The messenger belatedly saw her. ‘Miss Goldi,’ he said awkwardly. ‘He’s not dead, not that we know of at least...’

 ‘We’ll go,’ Sam said to Goldi, and then he spoke to her older brothers who had come up behind the rider and were standing aghast at the news. ‘Saddle ponies,’ he said. ‘Goldi and I will ride to the Smials.’

 ‘We’ll come too,’ Merry Gamgee said grimly.

 ‘You ought to stay,’ Sam began, but Pip broke in.

 ‘Dad, it’s Faramir!’

Sam started to shake his head, then found himself nodding. The three, Merry-lad, Farry and Pip had been thick as sultanas in Rose’s rice pudding since the first time he’d brought his family to the Great Smials after he became Mayor. Truth be told, there were no more trapped hobbits in the vicinity needing digging out. They’d be of better use at the Great Smials. Hobbits first, then supplies, then clearing away the debris, that was the proper order of business.

 ‘Get a lantern ready for each of us,’ he said, ‘and make sure they’re brim-full of oil. It’ll be dark soon after we reach the Smials.’

 ‘Thank you, sir!’ the messenger gasped. ‘I’ve got to tell the Tooks at the Party Field,’ he added, and with the briefest of farewells he ran back to his pony, pulled the reins loose, jumped on its back and jerked the poor beast’s head around, thumping its sides with his heels.

 ‘He’ll kill that pony, riding so,’ Merry said disapprovingly.

 ‘Somehow I don’t think he’s worried about the pony,’ Pip replied.

***
 
 Ferdibrand wakened slowly, at first not sure where he was. He was lying on something hard, so perhaps he was camping, on a journey? He opened his eyes, but instead of stars above there was only darkness. Memory returned then, ah yes, he had not slept on the ground for years, so why was the ground beneath him now?

He put out a cautious hand, trying to find his bearings, and encountered... he worked it out to be a bed, though he’d never approached it from this angle before. Sitting up, rolling to his knees, he moved his arms across the tumbled surface. Yes, it was a bed. His bed? Had he fallen out of bed?

Turning away from the bed one of his hands contacted the wall. Not his bed then, for it was never this close to a wall. Where was he? Rising to his feet, he walked carefully along the wall, but there was an obstruction before he’d gone more than a few steps. He felt its smooth sides; it felt much like a wardrobe would, were it lying on its side. This object was canted slightly. As he worked his way around it, he found out why when he trod upon something soft and yielding.

His mind told him what it was before he fell to his knees to feel with trembling hands.

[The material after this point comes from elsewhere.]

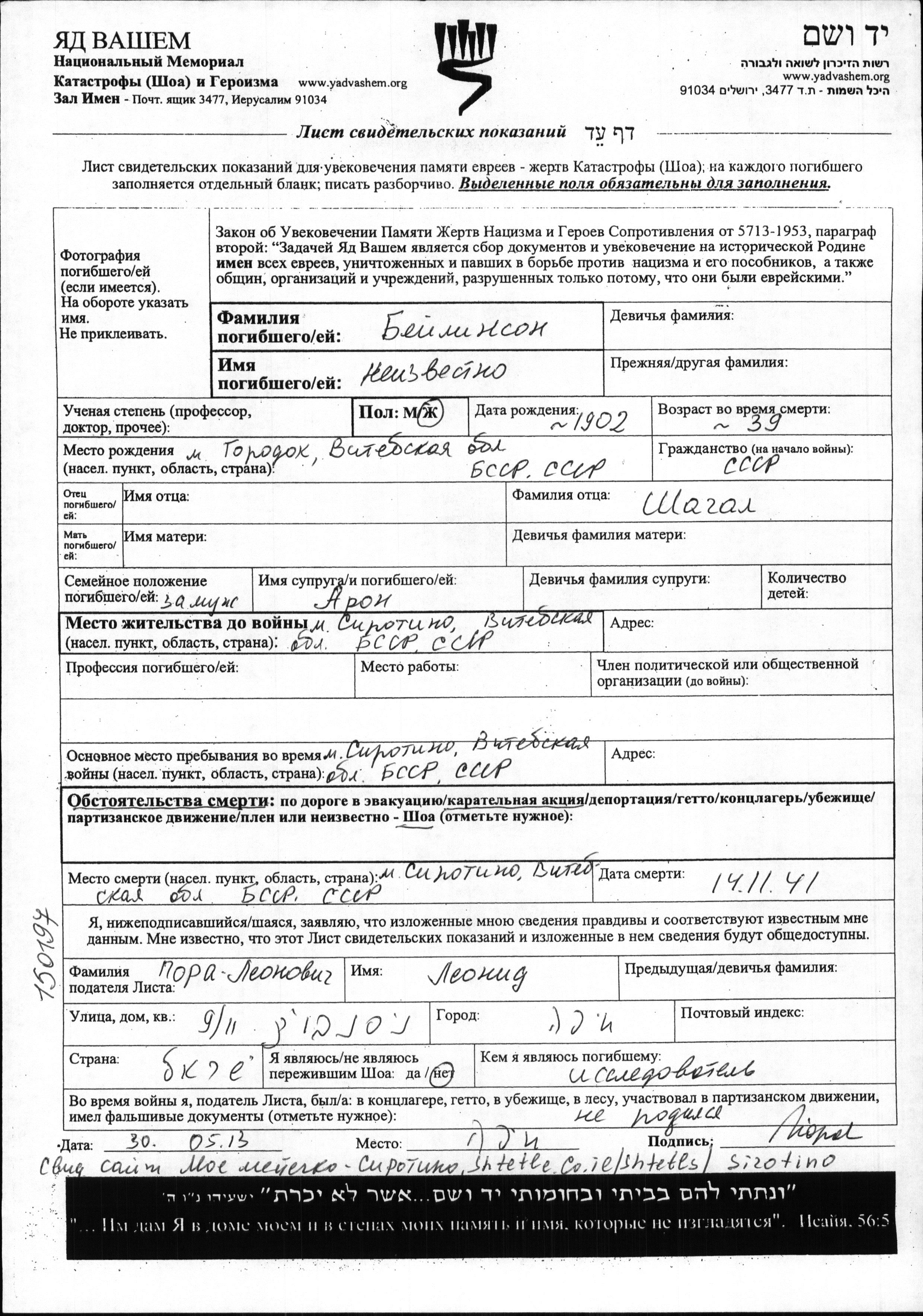 First name unknown Beylinson was born in Gorodok, Belorussia (USSR), 1902. She was married to Aron. Prior to WWII she lived in Sirotino, Belorussia (USSR). During the war she was in Sirotino, Belorussia (USSR). She was murdered in the Shoah. Place of death: Sirotino, Belorussia (USSR), 14/11/1941.

It was a soft female body, female he knew because of the skirts splayed to the sides more than for any other reason. The fallen wardrobe covered the upper part of the body.

 ‘Nell?’ he whispered. ‘My own?’ He inhaled deeply and was rewarded with a floral scent... but not violets. His Nell always smelt of violets; it was one way that he knew when she was near. It was not one of their daughters, either, for he knew their scents. He felt his way down the limbs to the feet. These were cold. There was no life in this body.

He remembered then the sleeping draught, and Mardibold. The healer had evidently left a watcher by the bed. Nell had gone out for some reason... or had she? Ferdi worked his way around the room, encountering many familiar objects in unfamiliar places. The whole room seemed to have been tossed like cherries in a falling basket. ‘What time is it?’ he wondered aloud, but of course there was no answer. There was no one else in the room besides Ferdi and the unidentified watcher.